At this older age, the numbers of apoptotic cells in stages IX-I and VII-VIII were significantly greater than the apoptotic frequency associated with stages II-VI (Table 1). The morphology of apoptotic type A spermatogonia in stages IX-I (Fig. 1G) and midpachytene spermatocytes in stages VII-VIII appeared to be identical to that of the corresponding cells in younger animals and were also shown to stain positively with the TUNEL procedure (Fig. 1, G and G’, and Table 1). Intermediate and type B spermatogonia were not seen to undergo death by apoptosis. generic paxil
At 60 days ofpostnatalage.In the mature rat testis, the number of TUNEL-positive, apoptotic cells per 1 ^m3 of tissue volume was lower than that observed in the immature 18- and 26-day-old testis (Table 1). The morphology of the different spermatogenic stages and stage-specific apoptosis in vital cell preparations derived from the mature rat testis have been described well in the literature and were therefore not examined here.
Electron-Microscopic Examination and Levels of Activated Caspase 3 and Cleaved PARP in the Maturing Rat Testis
At 8 days of postnatal age.
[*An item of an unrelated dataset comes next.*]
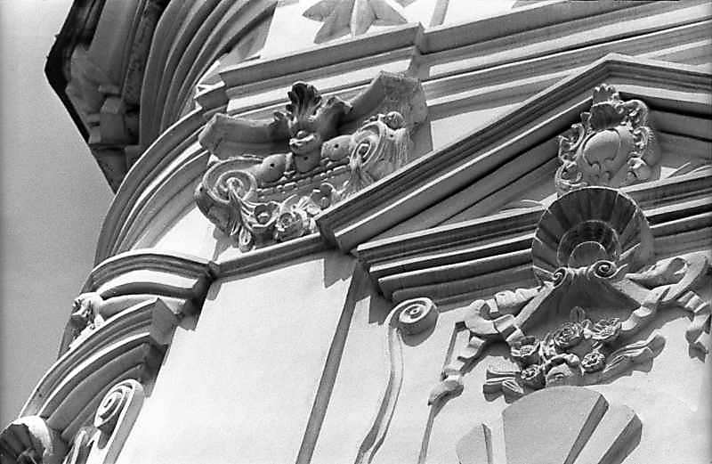 Капітель пілястри і фрагмент сандрикаРозмір зображення: 800:521 піксел 1983 р. 28 травня. Фото М.І.Жарких. Негатека, № 208-07. |

At this early time-point, abundant procaspase 3 (Fig. 2A), but low levels of activated caspase 3 (Fig. 2B) and cleaved PARP (Fig. 2C), were detected. Electron microscopic examination confirmed the ap-optotic nature of spermatogonia and gonocyte death.
FIG. 2. Determination of the levels of (A) procaspase 3, (B) cleaved caspase 3, and (C) cleaved PARP in the immature rat testis during the first wave of spermatogenesis as well as in the mature testis by Western blot analysis. The upper strips illustrate the autoradiograms, and the bar graphs depict densitometric quantitation of the bands. The heights of the columns represent the mean densities, and the bars indicate the SEM. *P < 0.05 compared to the corresponding value for the 60-day-old testis, **p < 0.05 compared to the corresponding value for the 8-day-old testis.